The relationships between different eukaryotic lineages of HEN1 are in general agreement with the topology of the "Tree of Life". In Fungi they are present both in Basidiomycota (e.g. U. maydis) and Ascomycota (e.g. S. pombe), but they appear to have been lost from many lineages, e.g. Saccharomycotina. It is noteworthy that HEN1 orthologs could not be detected in Archaea or in primitive Eukaryota with fully sequenced genomes, such as Alveolata (e.g. Plasmodium) or Euglenozoa (e.g. Trypanosoma). On the other hand, the distribution of HEN1 homologs in Bacteria is very limited and quite erratic (only in Firmicutes – Clostridium and Streptococcus, Cyanobacteria – Nostoc and Anabaena and Actinobacteria – Kineococcus radiotolerans). This distribution would suggest that HEN1 originated in the common ancestor of Eukaryota, before the divergence of the Viridiplantae and Metazoa/Fungi branches, and has been transferred horizontally to Bacteria. However, the sequences of bacterial members of the HEN1 family appear to be more similar to the closest paralogous family UbiG than the eukaryotic members (Figure 3).

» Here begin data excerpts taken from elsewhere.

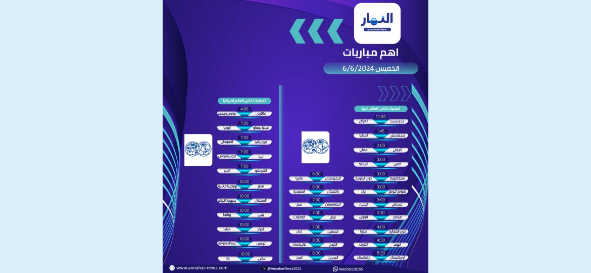 وتستعرض "صحيفة النهار السعودية" جدول مواعيد المباريات المزمع إقامتها يوم غدًا الخميس: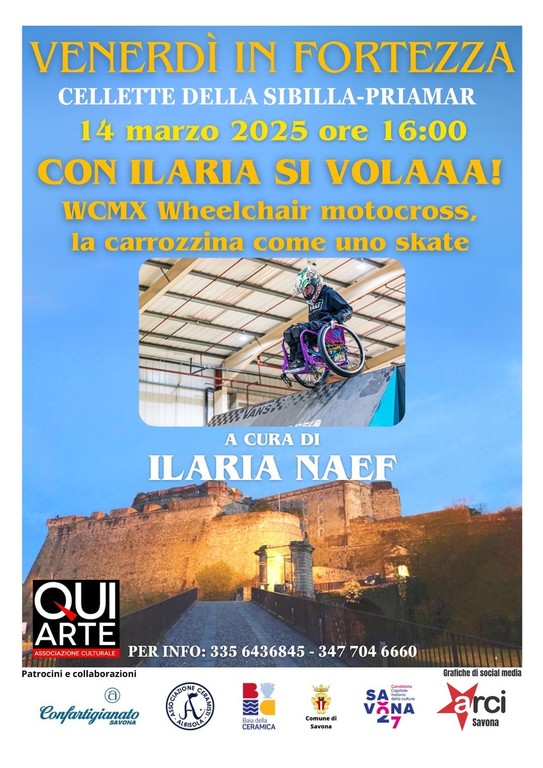 Venerdì 14 marzo, alle ore 16 a Savona, nell'ambito della rassegna "Venerdì in Fortezza", l'incontro con Ilaria Naef alle Cellette della Sibilla sul Priamar.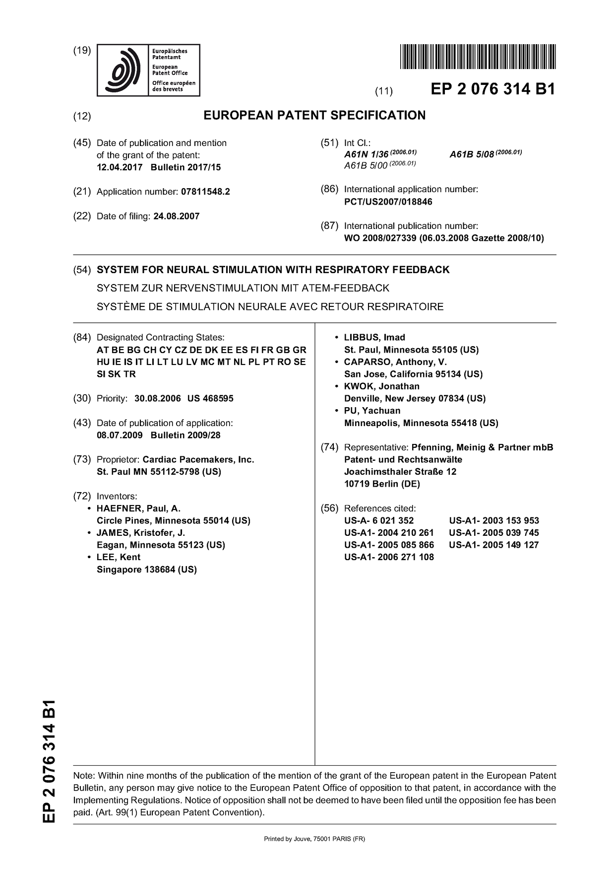 HAEFNER, PAUL, A. | JAMES, KRISTOFER, J. | LEE, KENT | LIBBUS, IMAD | CAPARSO, ANTHONY, V. | KWOK, JONATHAN | PU, YACHUAN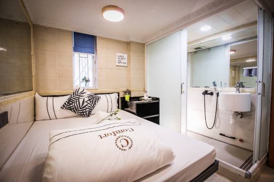 地点在尖沙咀繁华地段,出来有巴士站,附近吃的和购物非常方便,30分钟生活圈就能步行到天星码头,维多利亚港,公园,Bakehouse,科学馆,地铁站等,会省下一笔交通费。订的是3人2床房,房间在6楼。要先去14楼,门外有电话可以联系,然后有外国人的婆婆带路去房间,她会说英语和简单的粤语,交代注意事项。房间收拾的干净卫生,是白色床单白色枕头,是房中房,每天都洗被单和床罩,可以放一个大的行李箱,多的就放不下,洗手间比较小,毕竟是香港寸金尺土的地方,凑合着也行,性价比高。下次来也订这里的。
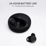 – The impressive 7-hour playtime can be extended to 24 hours using the stylish charging case, which provides 2 and a half extra charges on the go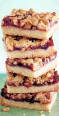 3. Combine reserved dough, peanuts, and peanut butter chips; crumble over jam layer. Bake until topping is golden brown, 45-50 minutes. Let cool completely in pan on a wire rack. Run a sharp knife around edges, then, using parchment, lift cake from pan and cut into 12 squares. (Store in an airtight container, up to 1 week).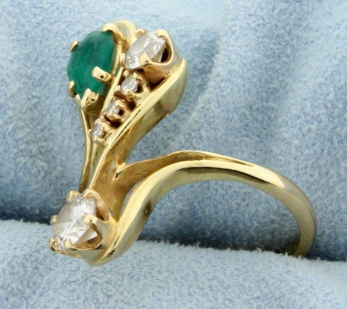 In 14K yellow gold, it contains one 1/2ct diamond, one 1/4ct diamond, one .03ct diamond, and two .02ct diamonds. All high quality VS clarity, G/H color. Also contains 7x5mm pear shaped natural emerald with great color and clarity. Size 7 1/2 5.7g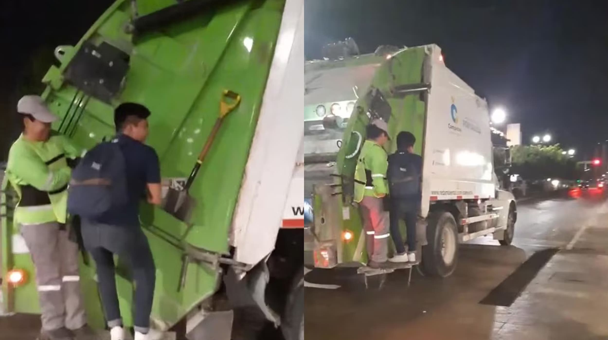 El video, compartido en TikTok por la usuaria @przligi, muestra el momento en que el joven se sujeta del camión de basura junto a uno de los empleados del servicio de limpieza, quienes decidieron ayudarlo llevándolo gratuitamente en su ruta.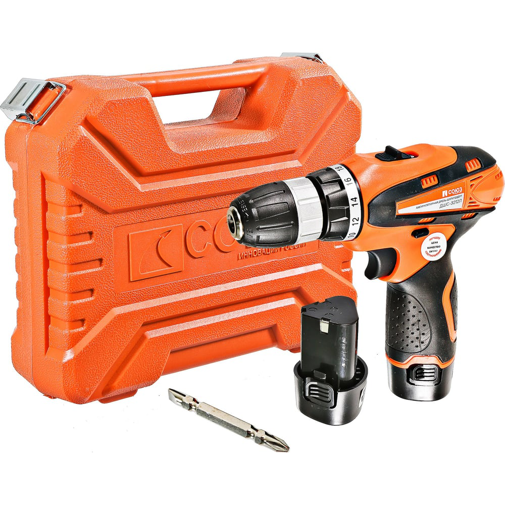 В нашем магазине «Главэлектрика» в Ельце, вы можете приобрести товар: «Аккумуляторная дрель-шуруповерт СОЮЗ ДШС-3212Л» с доставкой по г. Елец.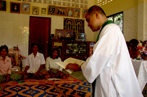 The Church has been looking urgently for an alternative place. Currently there are 25 Catholics and it augurs well for the church to see how young they are. The youth soon gathered with Vuthy to select and practise the hymns for mass.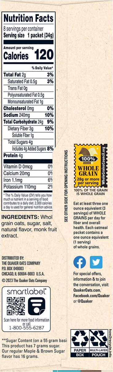 Whole Grain Oats, Sugar, Salt, Natural Flavor, Monk Fruit Extract.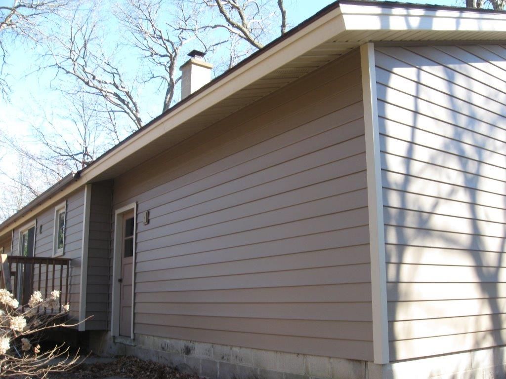 Recent project on 168th Circle in Ham Lake, MN. 6″ Canyon ABC Seamless Steel Siding with Wickertone soffit-fascia and window trims. Great color combination and using the trim color for for the corner posts gives this rambler a nice clean updated look!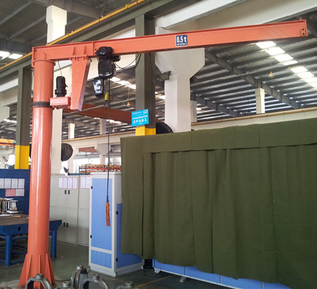 BZD型电动全回转悬臂起重机是与CD1型MD1型电动葫芦配套使用的一种起重机,本起重机由立柱,回转臂回转驱动装置及电动葫芦组成,立柱下端通过地脚螺栓固定在混凝土基础上,由摆线针轮减速装置来驱动悬臂回转,电动葫芦在悬臂工字钢上作左右直线运行,并起吊重物。 本起重机结构简单,占地空间少,作业范围大,操作方便,转动灵活,适用于码头,仓库及车间等固定场所,起重机设有安全保护装置和极限保护装置,安全可行,是理想的起重机械。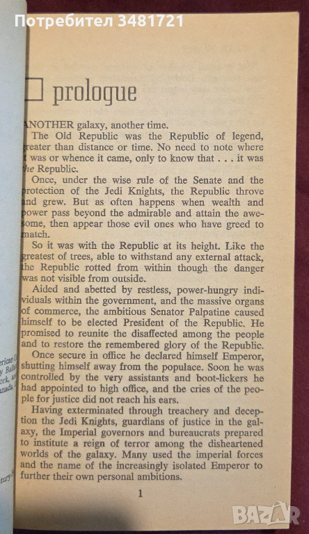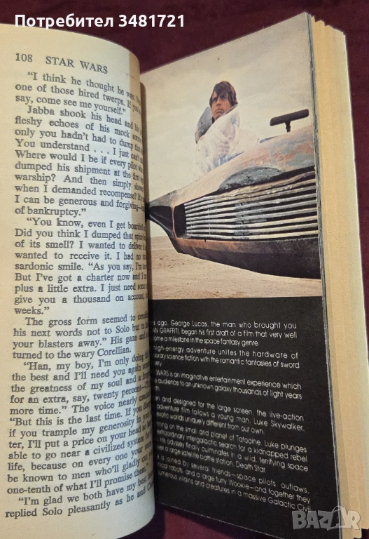 Фостър не само адаптира събитията от филма, но и разкрива предисторията на времето, мястото, физиката, планетите, видовете, езиците, историята и технологиите. Трябва да се отбележи, че Джордж Лукас не крие, че книгата всъщност е написана от Алън. Настоящето издание е седмият тираж на оригинала, издадено година по-късно(1977), затова в него присъстват цветни снимки на кадри от филмите. Алън започва своята история с: "Another galaxy, anaother time."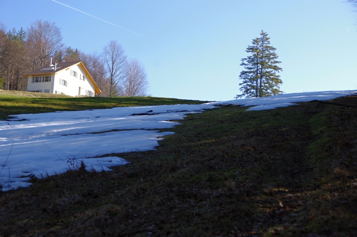 Hier oben ist man wieder in bewohnten Gefilden; es liegt aber noch Schnee.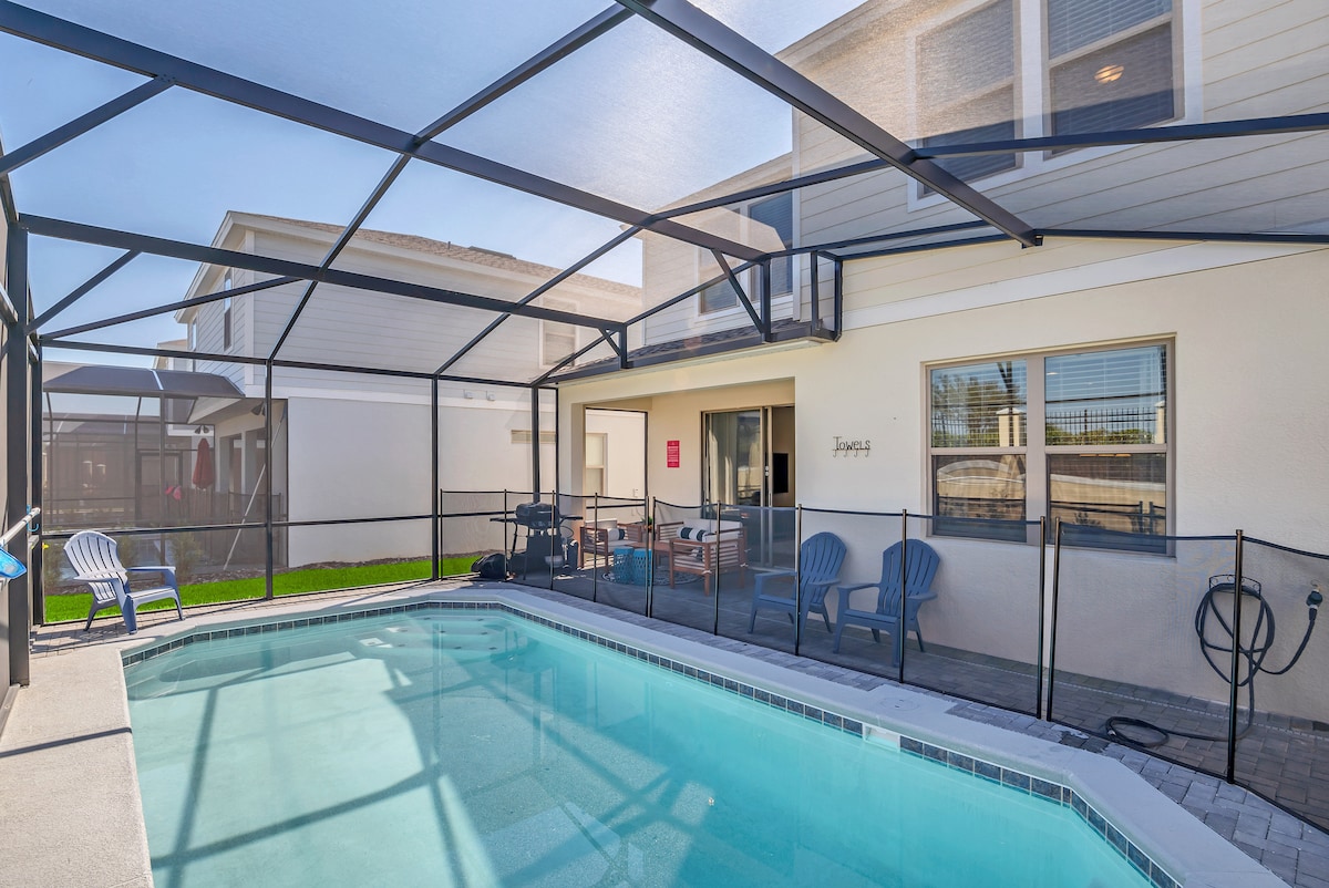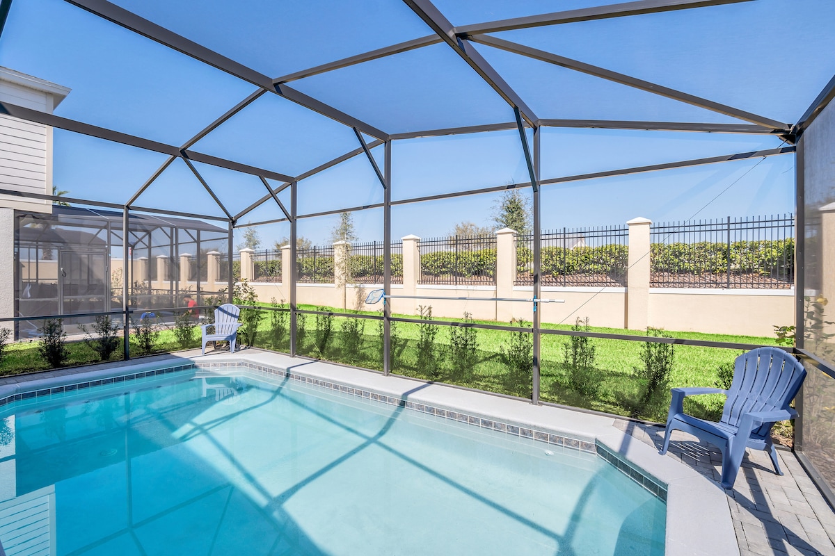 - The outdoor showcases an unforgettable screened-in lanai, a plethora of patio furniture, and an idyllic pool, perfect for an outdoor BBQ!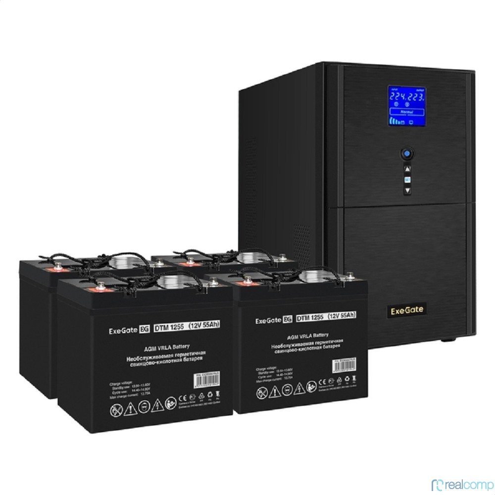 Exegate EX296888RUS Комплект ИБП EX295991RUS + батарея 55Ач EX285667RUS 4шт (инвертор, синус, для котла) SineTower SZ-5000.LCD.AVR.2SH.1C13.T.RJ.USB <5000VA/4000W, чистый синусоида, LCD дисплей, AVR,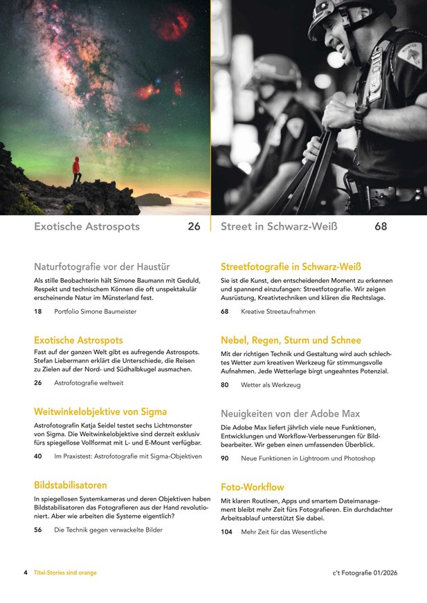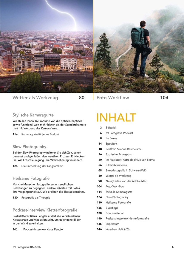Mit aktuellen News, ausführlichen Datenblättern und umfassenden Praxis- sowie Produktberichten ist c't Digitale Fotografie Ihr Fachmagazin rund um das digitale Bild. In hauseigenen Mess- und Testlabors stellt c't Digitale Fotografie Kameras, Objektive und Zubehör genauestens auf den Prüfstand. Dabei testet die Redaktion allerdings nicht wahllos, sondern konzentriert sich auf eine Auswahl der wichtigsten Neuerscheinungen. Berichte über Fotozubehör, darunter Blitze, Stative, Studio-Equipment, Fototaschen  oder -rucksäcke, runden jede Ausgabe des c't Digitale Fotografie-ePapers ab.
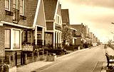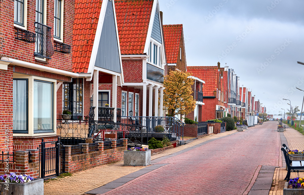 Fishing village Volendam panoramic view Holland Netherlands. Small wooden houses blue sky clouds.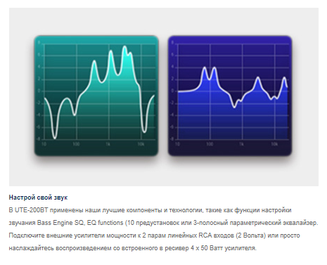 - Еквалайзер: Лінійна, Поп, Рок, Новости, Джаз, Танцювальна музика, Хіп-Хоп, Легка музика, Кантрі, Класична музика

This suggests that HEN1-CTD could have evolved in Bacteria by duplication of the UbiG-encoding gene and neofunctionalization of the second copy and only then was horizontally transferred to the ancestor of contemporary Eukaryota. In order to fully understand the origin of HEN1, it will be useful to characterize the molecular function of the short forms (lacking the N-terminal extensions of A. thaliana HEN1) from Bacteria as well as from other eukaryotic species (in particular animals and fungi).
Structure prediction of the HEN1-CTD
In the absence of an experimentally determined protein structure, comparative modeling may provide a structural platform for the investigation of sequence-structure-function relationships. This technique requires a homologous template structure to be identified and the sequence of the modeled protein (a target) to be correctly aligned to the template. The C-terminal catalytic domain of HEN1 showed distant similarity to many different structures of class-I MTases in standard database searches. It is known, however, that despite the common fold and conserved cofactor-binding site, different subfamilies of MTases exhibit significant differences in the architecture of their substrate-binding pocket and the active site (e.g. ref. [29, 30]). Thus, modeling of HEN1 based on a randomly selected MTase structure could introduce large errors in the functionally most important parts of the protein and mislead the structure-based functional predictions.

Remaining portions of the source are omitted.